Here’s the good news: the Western genre is NOT a goner. Repeat – not a goner…

Here’s the bad news: as YOU know it, the Western genre may indeed be a goner – with a few exceptions… Like “True Grit,” the Coen Brothers’ upcoming re-take on the 1969 classic, or Jon Favreau’s next project, “Cowboys & Aliens,” as well as the recent “Appaloosa” from director/star Ed Harris. There are undoubtedly other ‘classic’ projects in development – high profile or not – that fall into the ‘Western’ genre, but we are unaware of any that have been publicized recently.
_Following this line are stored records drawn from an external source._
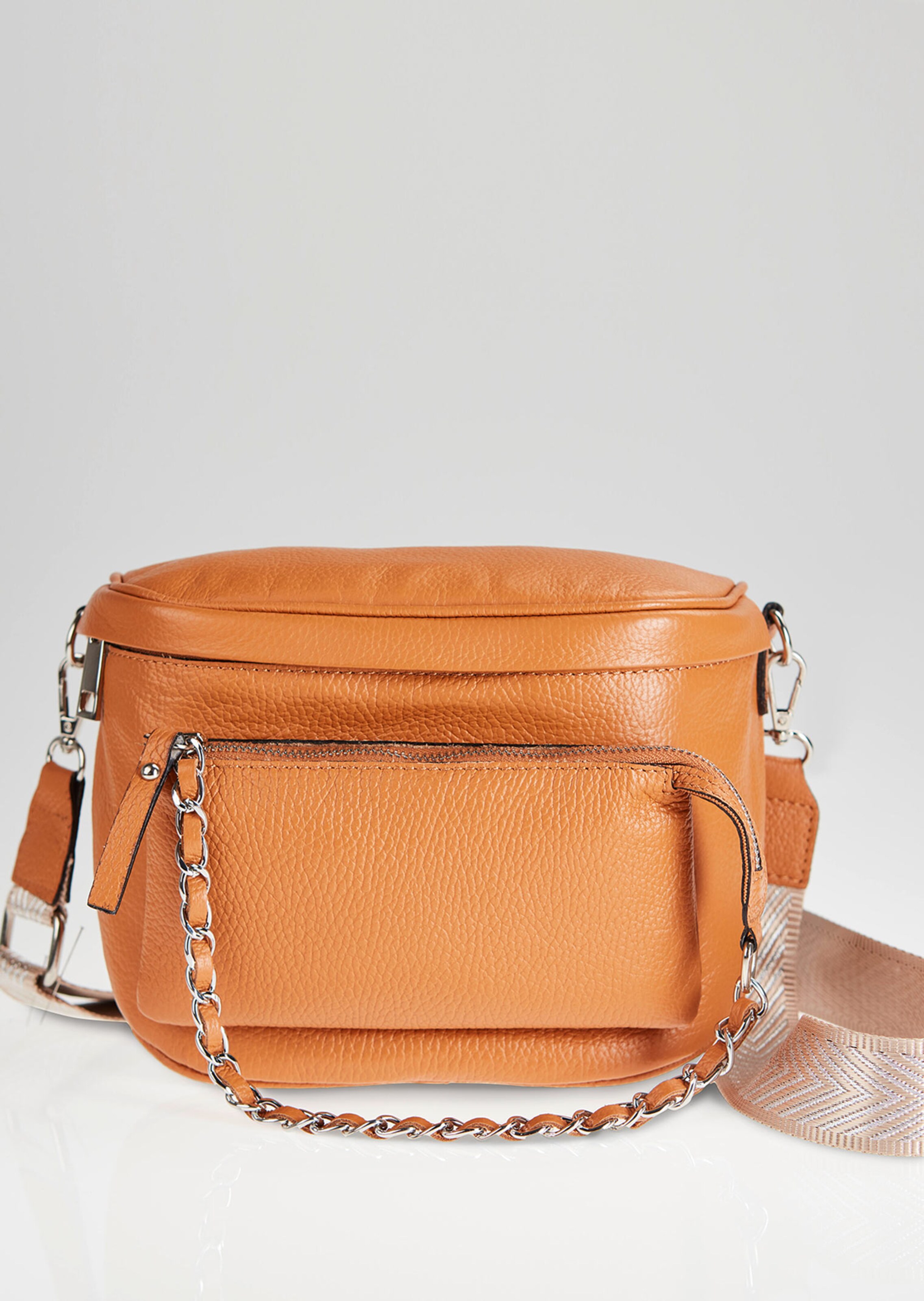 Umhängetasche aus echtem Leder und in Italien gefertigt. Das Mode-Highlight der Saison ist diese hochwertige Tasche in praktischer Größe, die dank des großzügigen Innenfachs genug Stauraum für Ihre Wertsachen und Alltägliches bietet. Die außen aufgesetzte, kleine Tasche ziert eine silberfarbene Metallkette, die von einem Lederband durchzogen ist. Durch den verstellbaren Schultergurt aus hochwertig gewebtem Jacquard bieten sich vielseitige Tragemöglichkeiten. Das Modell kann auch Crossbody länger oder modisch kürzer im Gürteltaschen-Look getragen werden. Eine besondere Note verleihen die von Hand geschwärzten Kanten. Mit Futterinnentasche.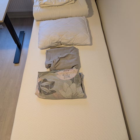 Kuvassa näkyy myös sinivalkoinen Ikean Vesteröy joustinpatja, joka voidaan myydä erikseen (hinta 50 eur) tai yhdessä sänkyrungon kanssa (hinta 190 eur). Patjasta tiedot löytyy IKEAn sivuilta.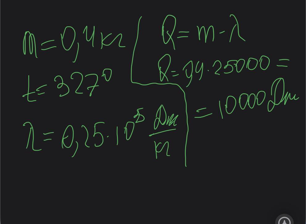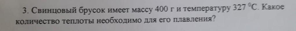 Q=λm=30000Дж/кг * 0,4 кг= 12000Дж=12 кДж (свинец плавится при 327°С, λ- удельная теплота плавления, из таблицы)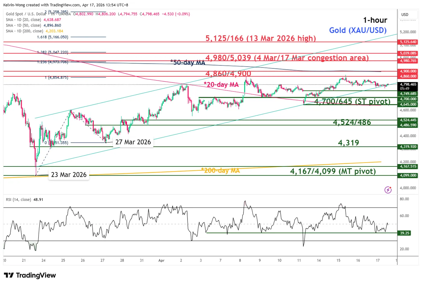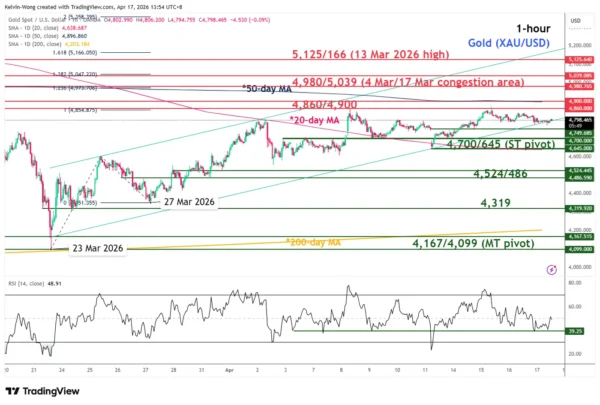 Gold (XAU/USD) has held steady on Friday, 17 April 2026, during the Asian session with a minuscule intraday gain of 0.2% to trade at $4,800 at this time of writing.

Instead, Western genre films have been transposed to other genres. To cite an example, sci-fi adventure film “Outland” is simply ‘”High Noon” set in space,’ (sort of), where a marshal waits for the next inbound shuttle to bring trouble – and the story’s dramatic resolution. “No Country for Old Men,” while set in the west, is more of an existentialist crime drama, featuring a villain worthy of Hannibal Lecter status (sort of). In other words, every Western can be something else, like a sci-fi adventure, a drama or fantasy; just remember to include the fantastic, the unexpected or the romance. It’s crucial to turn a ‘goner genre’ into a best Western, even if its frontier firepower ends up as death rays (sort of).